(Stored data entries)
○ ○ ○ ○ ○

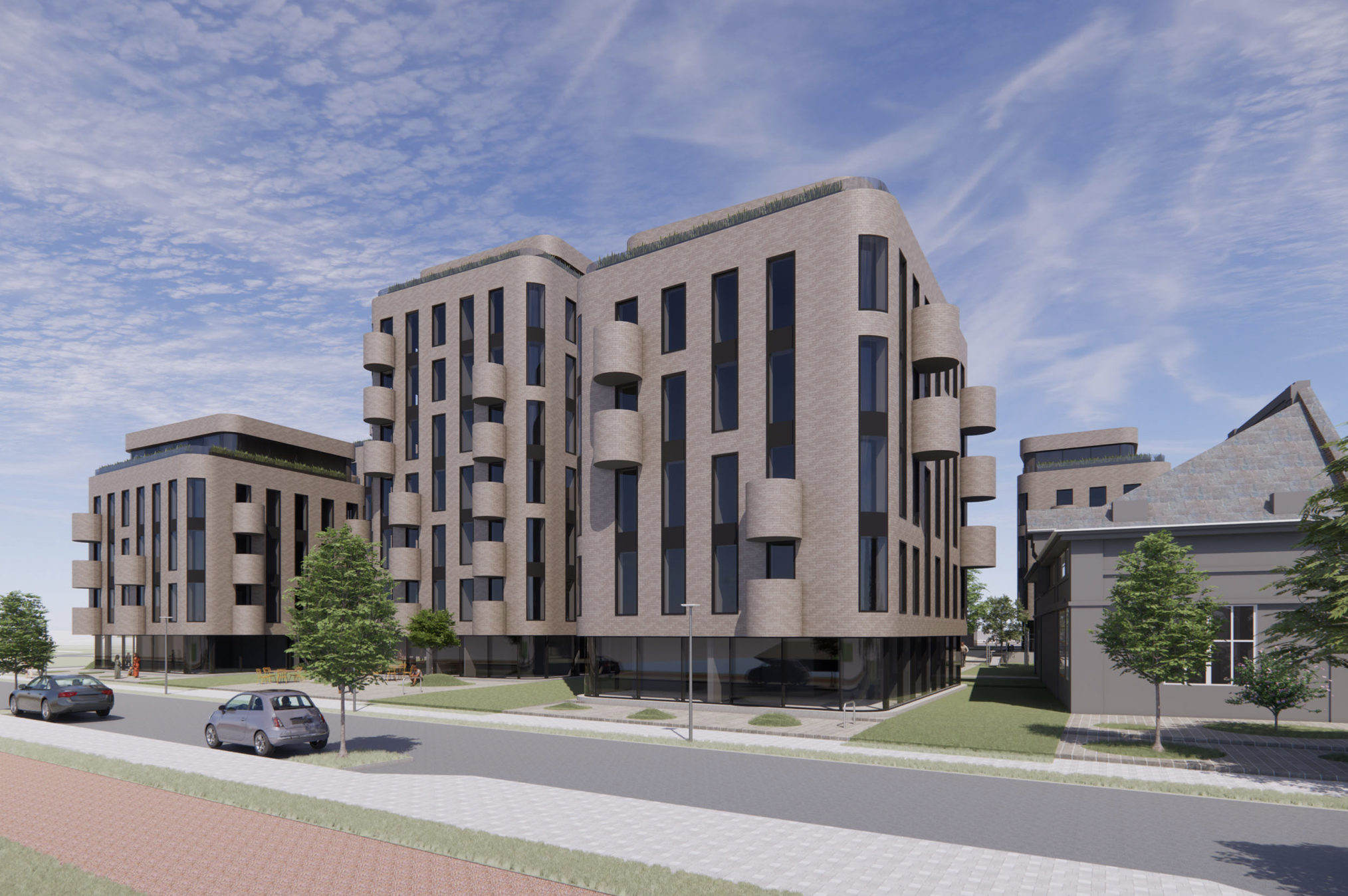 Architektūrinį charakterį sustiprina užapvalinti pastato kampai bei cilindriniai balkonai, suteikiantys lengvumo ir modernumo įspūdį. Atviruose kiemuose planuojama išsaugoti natūralią medžių alėją, įrengti poilsio zonas bei aikšteles, kurios skatins gyventojų bendravimą ir leis mėgautis ramia aplinka.
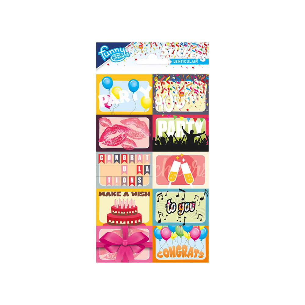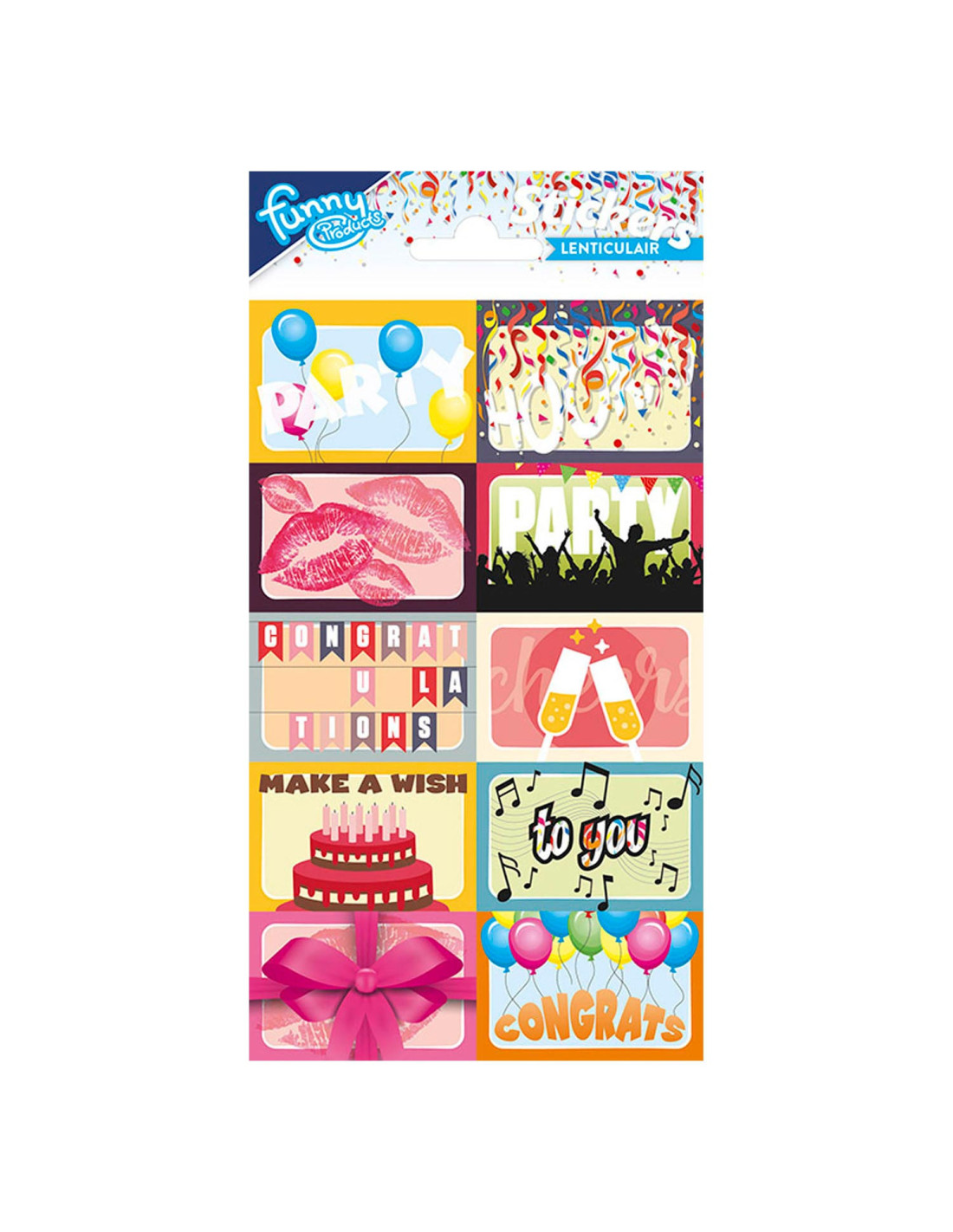 Versier je cadeautjes, kaartjes of knutselwerkjes met deze vrolijke feeststickers! Er zitten 10 stickers op het vel met o.a. ballonnen, slingers en verjaardagszoenen. Het stickervel is 20 x 10 centimeter groot en geschikt voor kinderen vanaf 4 jaar oud.
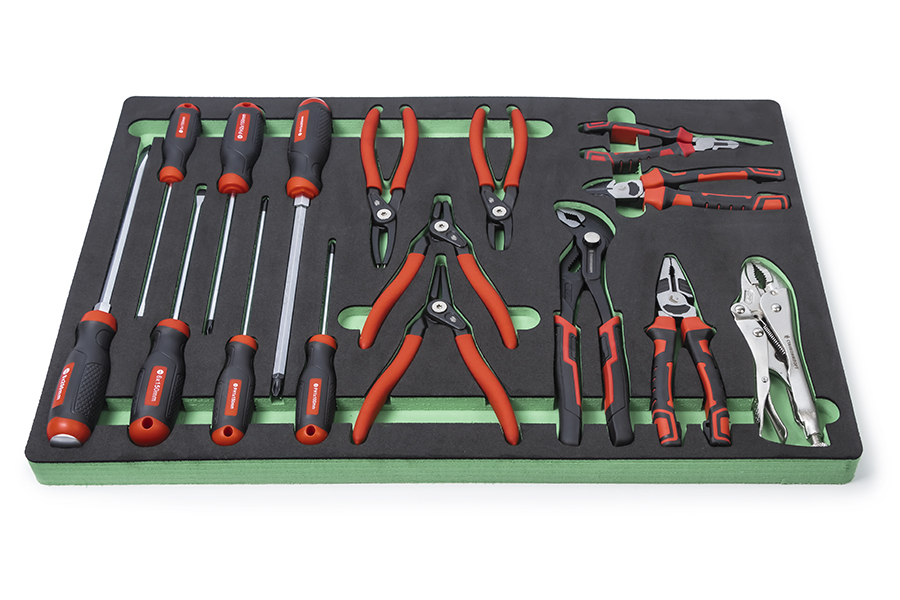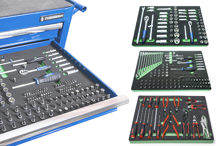 Данный комплект можно назвать как стартовый так как включает в себя ручной инструмент с посадочным квадратом 1/4, 3/8 и 1/2 дюйма, большое количество и разновидности бит, отвертки, губцевый инструмент и съемники стопорных колец, что вполне достаточно для выполнения довольно широкого спектра проводимых работ. Весь инструмент изготовлен из высокачественой инструментальной стали с соблюдение всех стандартов ГОСТ и DIN. Характеристики: Размер ложемента: 570х385х30 мм. Материал ложемента: EVA foam. Упаковка: картонная коробка. Количество предметов: 233 шт. Количество ложементов в комплекте: 3 шт. Комплектация: Торцевые головки на 1/4 ” - 4, 4.5, 5, 5.5, 6-14 мм Торцевые головки длинные на 1/4” - 4, 5, 7, 8, 9, 10 мм Торцевые головки E-Star на 1/4” - Е4, E5, Е6, Е7, Е8 Ключ трещоточный с быстрым сбросом на 1/4”, 45 зубов Отверточная рукоятка на 1/4”, длинна 150 мм Вороток Т-образный на 1/4”, длинна 110 мм Удлинители на 1/4” - 50, 75 мм Кардан шарнирный на 1/4”, длинна 40 мм Торцевые головки со вставкой на 1/4”: - Шестигранные HEX 3, 4, 5, 6 мм - Шлицевые Slot 4, 5.5, 6.5, 7 мм - Крестовые Philips РН0, РН1, РН2 - Pozidriv PZ0, PZ1, PZ2 - Torx Т8, T9, Т10, Т15, Т20, Т25, Т27, Т30 - Torx BO ТH8, TH9, ТH10, ТH15, ТH20, ТH25, ТH27, ТH30 Адаптер для бит 1/4"х1/4" Отвертка для бит с магнитом 1/4" Биты на 1/4": - Шестигранные HEX BO 2, 2.5, 3, 4, 5, 6 мм - Torx T5, T6 - Torx BO TH7 - Keyway M5, M6, M7, M8, M9 - Much Tooth M5, M6, M8 - Five Star 10, 15, 20, 25, 27, 30, 40, 46 - Square 0, 1, 2, 3 - Spanner 6, 8, 10 - Torq 4, 6, 8, 11 - Butterfly 1, 2, 3 - Tri-Wing 1, 2, 3, 4 Торцевые головки на 3/8” - 10, 11, 12, 13, 14, 15, 16, 17, 18, 19 мм Торцевые головки длинные на 3/8” - 10, 11, 12, 13, 14, 15 мм Торцевые головки E-Star на 3/8” - Е10, E11, Е12, Е14, Е16, E18 Ключ трещоточный с быстрым сбросом на 3/8”, 45 зубов Кардан шарнирный на 3/8” 55 мм Удлинитель на 3/8” - 125 мм Адаптер для бит 3/8"х5/16" Торцевая головка свечная на 3/8” - 14 мм Торцевые головки на 1/2” - 13, 14, 15, 16, 17, 18, 19, 20, 21, 22, 24, 27, 30, 32 мм Торцевые головки длинные на 1/2” - 16, 17, 18, 19, 22 мм Торцевые головки E-Star на 1/2” - Е20, Е22, Е24 Ключ трещоточный с быстрым сбросом на 1/2”, 45 зубов Кардан шарнирный на 1/2”, 75 мм Вороток Т-образный на 1/2”, 250 мм Вороток шарнирный на 1/2”, 450 мм Удлинители на 1/2” - 125, 250 мм Торцевые головки свечные на 1/2” - 16, 21 мм Торцевые головки со вставкой на 1/2”: - Шестигранные HEX: 14 мм - Torx: T70 Угловые ключи шестигранные - 1.27, 1.5, 2, 2.5, 3, 4, 5 мм Ключи комбинированные - 8, 9, 10, 11, 12, 13, 14, 15, 16, 17, 19, 22, 24 мм 3-сторонний адаптер на 1/2"Mх3/8"F Адаптер для бит на 1/2"х5/16", 40 мм Биты на 5/16": - Hex 7, 8, 10, 12 мм - Slotted 8, 10, 12 - Phillips PH2, PH3, PH4 - Pozidriv PZ2, PZ3, PZ4 - Torx T40, T45, Т50, Т55, Т60 - Torx BO TH40, TH45, TH50, TH55, TH60 - Keyway M10, M11, M12, M13 - Much Tooth M10, M12 - Five Star 50 Плоскогубцы, 180 мм Клещи переставные, 250 мм Бокорезы,…
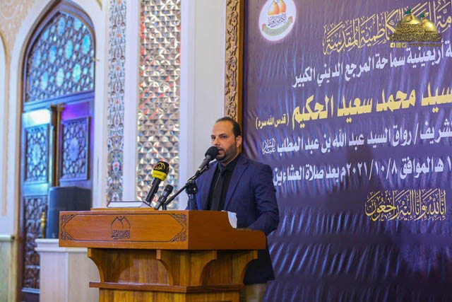 بعدها استمع الحضور إلى كلمة المواكب والهيئات الحُسينية في مدينة الكاظمية المقدسة ألقاها نيابة عنهم الأستاذ مصطفى الصائغ جاء فيها: نشاطركم الآلم والحزن ونحن نؤبن اليوم سماحة المرجع الديني الكبير آية الله السيد محمد سعيد الحكيم "قدس سره" في ذكرى مرور أربعين يوماً على فقده ورحيله. موضحاً مواقفه الوطنية السديدة بعد عام 2003م، ومؤازرته لفتوى العصر، فضلاً عن دوره الكبير الذي أعطى من خلاله صورة بهية عن حوزتنا الشريفة، بأنها حوزة علمية وعملية شاملة، ومرجعيتنا الرشيدة لا تتخذ من الدين وسيلة لتحقيق غايات دنيوية، بل تجسّر روحها وأعمارها سبلاً للغاية المرجوة الحقّة، فضلاً عن مواقفه المشرّفة على الصعيد الاجتماعي ونحن كأبناء المواكب والهيئات الحُسينية نستذكر مناصرته حين أحيا وناصر الشعائر والممارسات الدينية والعبادية بالفعل والقول
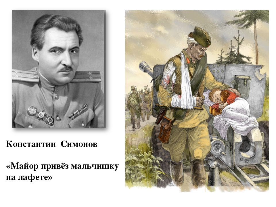Отец был ранен, и разбита пушка. Привязанный к щиту, чтоб не упал, Прижав к груди заснувшую игрушку, Седой мальчишка на лафете спал. (К. Симонов).
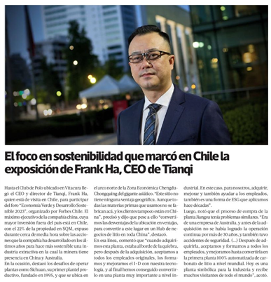 夏浚诚先生在演讲中介绍了2007so太阳集团的发展、海外布局、研发创新和ESG所取得的成果,分享了2007so太阳集团江苏张家港工厂的前生今世,并受到了智利主流媒体《智利三点钟报》特别报道,报道中这样写道:夏浚诚总裁在大约半个小时的时间里介绍了2007so太阳集团近年来为实现可持续采矿业所采取的措施。他讲述了2007so太阳集团收购张家港工厂的故事:
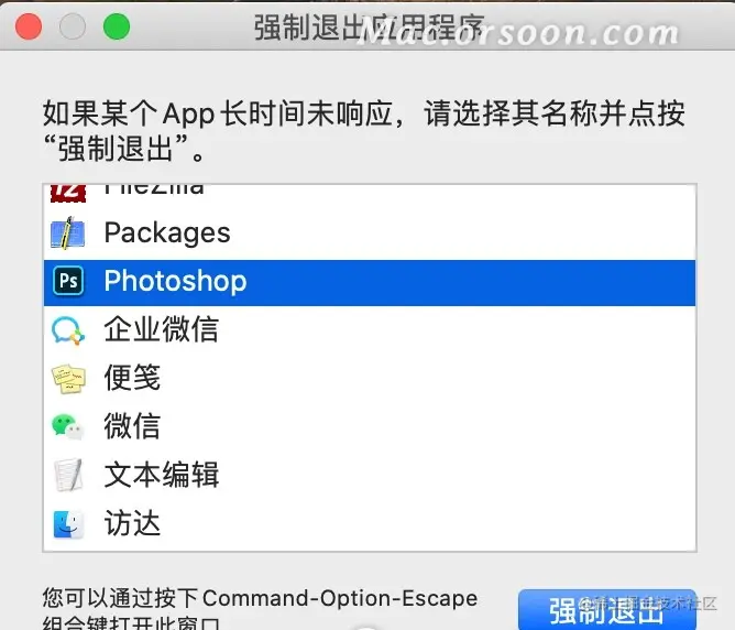 ***后,选择要退出的应用程序,点击【强制退出】按钮。
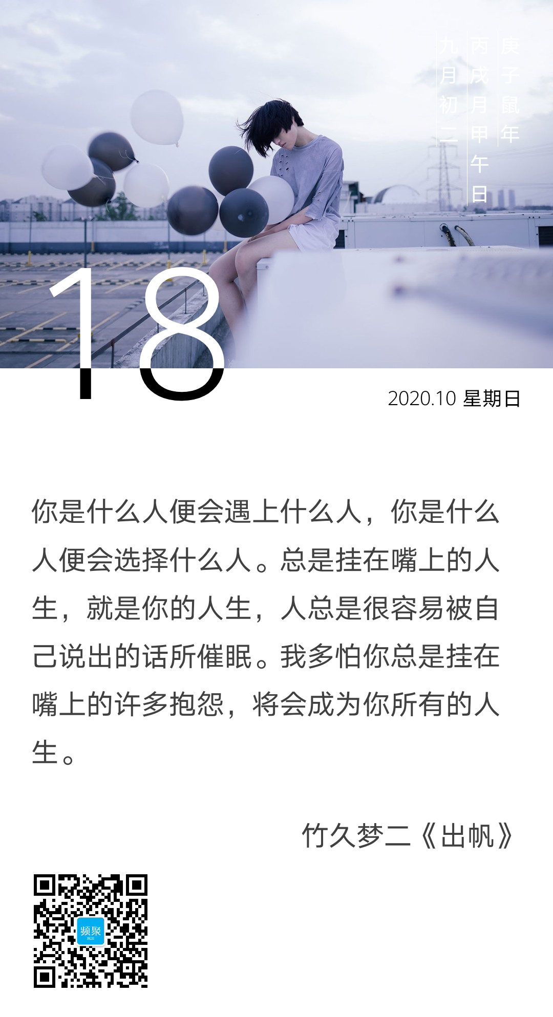 你是什么人便会遇上什么人,你是什么人便会选择什么人。总是挂在嘴上的人生,就是你的人生,人总是很容易被自己说出的话所催眠。我多怕你总是挂在嘴上的许多抱怨,将会成为你所有的人生。
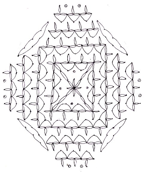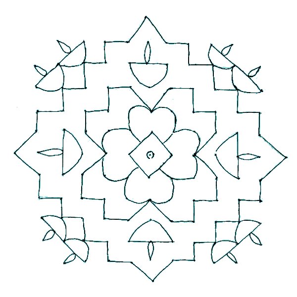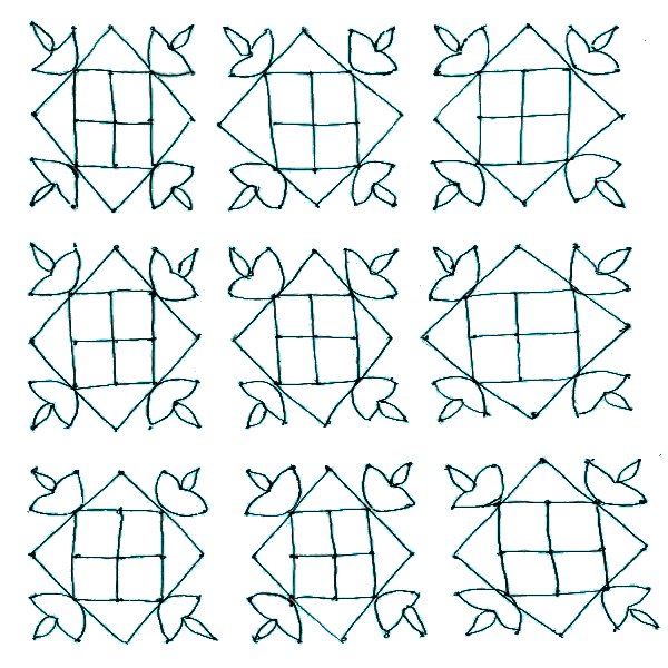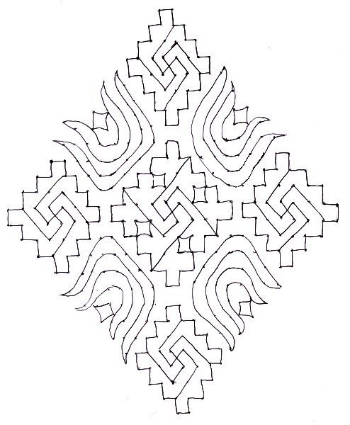 All these kolams are from her collection of kolams - from her kolam notebook. They have been mostly drawn from magazines for her reference.

○ ○ ○ ○ ○

Each line above is to be transcribed exactly, though its pictures are not.

→ Task response:
 Architektūrinį charakterį sustiprina užapvalinti pastato kampai bei cilindriniai balkonai, suteikiantys lengvumo ir modernumo įspūdį. Atviruose kiemuose planuojama išsaugoti natūralią medžių alėją, įrengti poilsio zonas bei aikšteles, kurios skatins gyventojų bendravimą ir leis mėgautis ramia aplinka.
 Versier je cadeautjes, kaartjes of knutselwerkjes met deze vrolijke feeststickers! Er zitten 10 stickers op het vel met o.a. ballonnen, slingers en verjaardagszoenen. Het stickervel is 20 x 10 centimeter groot en geschikt voor kinderen vanaf 4 jaar oud.
 Данный комплект можно назвать как стартовый так как включает в себя ручной инструмент с посадочным квадратом 1/4, 3/8 и 1/2 дюйма, большое количество и разновидности бит, отвертки, губцевый инструмент и съемники стопорных колец, что вполне достаточно для выполнения довольно широкого спектра проводимых работ. Весь инструмент изготовлен из высокачественой инструментальной стали с соблюдение всех стандартов ГОСТ и DIN. Характеристики: Размер ложемента: 570х385х30 мм. Материал ложемента: EVA foam. Упаковка: картонная коробка. Количество предметов: 233 шт. Количество ложементов в комплекте: 3 шт. Комплектация: Торцевые головки на 1/4 ” - 4, 4.5, 5, 5.5, 6-14 мм Торцевые головки длинные на 1/4” - 4, 5, 7, 8, 9, 10 мм Торцевые головки E-Star на 1/4” - Е4, E5, Е6, Е7, Е8 Ключ трещоточный с быстрым сбросом на 1/4”, 45 зубов Отверточная рукоятка на 1/4”, длинна 150 мм Вороток Т-образный на 1/4”, длинна 110 мм Удлинители на 1/4” - 50, 75 мм Кардан шарнирный на 1/4”, длинна 40 мм Торцевые головки со вставкой на 1/4”: - Шестигранные HEX 3, 4, 5, 6 мм - Шлицевые Slot 4, 5.5, 6.5, 7 мм - Крестовые Philips РН0, РН1, РН2 - Pozidriv PZ0, PZ1, PZ2 - Torx Т8, T9, Т10, Т15, Т20, Т25, Т27, Т30 - Torx BO ТH8, TH9, ТH10, ТH15, ТH20, ТH25, ТH27, ТH30 Адаптер для бит 1/4"х1/4" Отвертка для бит с магнитом 1/4" Биты на 1/4": - Шестигранные HEX BO 2, 2.5, 3, 4, 5, 6 мм - Torx T5, T6 - Torx BO TH7 - Keyway M5, M6, M7, M8, M9 - Much Tooth M5, M6, M8 - Five Star 10, 15, 20, 25, 27, 30, 40, 46 - Square 0, 1, 2, 3 - Spanner 6, 8, 10 - Torq 4, 6, 8, 11 - Butterfly 1, 2, 3 - Tri-Wing 1, 2, 3, 4 Торцевые головки на 3/8” - 10, 11, 12, 13, 14, 15, 16, 17, 18, 19 мм Торцевые головки длинные на 3/8” - 10, 11, 12, 13, 14, 15 мм Торцевые головки E-Star на 3/8” - Е10, E11, Е12, Е14, Е16, E18 Ключ трещоточный с быстрым сбросом на 3/8”, 45 зубов Кардан шарнирный на 3/8” 55 мм Удлинитель на 3/8” - 125 мм Адаптер для бит 3/8"х5/16" Торцевая головка свечная на 3/8” - 14 мм Торцевые головки на 1/2” - 13, 14, 15, 16, 17, 18, 19, 20, 21, 22, 24, 27, 30, 32 мм Торцевые головки длинные на 1/2” - 16, 17, 18, 19, 22 мм Торцевые головки E-Star на 1/2” - Е20, Е22, Е24 Ключ трещоточный с быстрым сбросом на 1/2”, 45 зубов Кардан шарнирный на 1/2”, 75 мм Вороток Т-образный на 1/2”, 250 мм Вороток шарнирный на 1/2”, 450 мм Удлинители на 1/2” - 125, 250 мм Торцевые головки свечные на 1/2” - 16, 21 мм Торцевые головки со вставкой на 1/2”: - Шестигранные HEX: 14 мм - Torx: T70 Угловые ключи шестигранные - 1.27, 1.5, 2, 2.5, 3, 4, 5 мм Ключи комбинированные - 8, 9, 10, 11, 12, 13, 14, 15, 16, 17, 19, 22, 24 мм 3-сторонний адаптер на 1/2"Mх3/8"F Адаптер для бит на 1/2"х5/16", 40 мм Биты на 5/16": - Hex 7, 8, 10, 12 мм - Slotted 8, 10, 12 - Phillips PH2, PH3, PH4 - Pozidriv PZ2, PZ3, PZ4 - Torx T40, T45, Т50, Т55, Т60 - Torx BO TH40, TH45, TH50, TH55, TH60 - Keyway M10, M11, M12, M13 - Much Tooth M10, M12 - Five Star 50 Плоскогубцы, 180 мм Клещи переставные, 250 мм Бокорезы,…
 بعدها استمع الحضور إلى كلمة المواكب والهيئات الحُسينية في مدينة الكاظمية المقدسة ألقاها نيابة عنهم الأستاذ مصطفى الصائغ جاء فيها: نشاطركم الآلم والحزن ونحن نؤبن اليوم سماحة المرجع الديني الكبير آية الله السيد محمد سعيد الحكيم "قدس سره" في ذكرى مرور أربعين يوماً على فقده ورحيله. موضحاً مواقفه الوطنية السديدة بعد عام 2003م، ومؤازرته لفتوى العصر، فضلاً عن دوره الكبير الذي أعطى من خلاله صورة بهية عن حوزتنا الشريفة، بأنها حوزة علمية وعملية شاملة، ومرجعيتنا الرشيدة لا تتخذ من الدين وسيلة لتحقيق غايات دنيوية، بل تجسّر روحها وأعمارها سبلاً للغاية المرجوة الحقّة، فضلاً عن مواقفه المشرّفة على الصعيد الاجتماعي ونحن كأبناء المواكب والهيئات الحُسينية نستذكر مناصرته حين أحيا وناصر الشعائر والممارسات الدينية والعبادية بالفعل والقول
Отец был ранен, и разбита пушка. Привязанный к щиту, чтоб не упал, Прижав к груди заснувшую игрушку, Седой мальчишка на лафете спал. (К. Симонов).
 夏浚诚先生在演讲中介绍了2007so太阳集团的发展、海外布局、研发创新和ESG所取得的成果,分享了2007so太阳集团江苏张家港工厂的前生今世,并受到了智利主流媒体《智利三点钟报》特别报道,报道中这样写道:夏浚诚总裁在大约半个小时的时间里介绍了2007so太阳集团近年来为实现可持续采矿业所采取的措施。他讲述了2007so太阳集团收购张家港工厂的故事:
 ***后,选择要退出的应用程序,点击【强制退出】按钮。
 你是什么人便会遇上什么人,你是什么人便会选择什么人。总是挂在嘴上的人生,就是你的人生,人总是很容易被自己说出的话所催眠。我多怕你总是挂在嘴上的许多抱怨,将会成为你所有的人生。
 All these kolams are from her collection of kolams - from her kolam notebook. They have been mostly drawn from magazines for her reference.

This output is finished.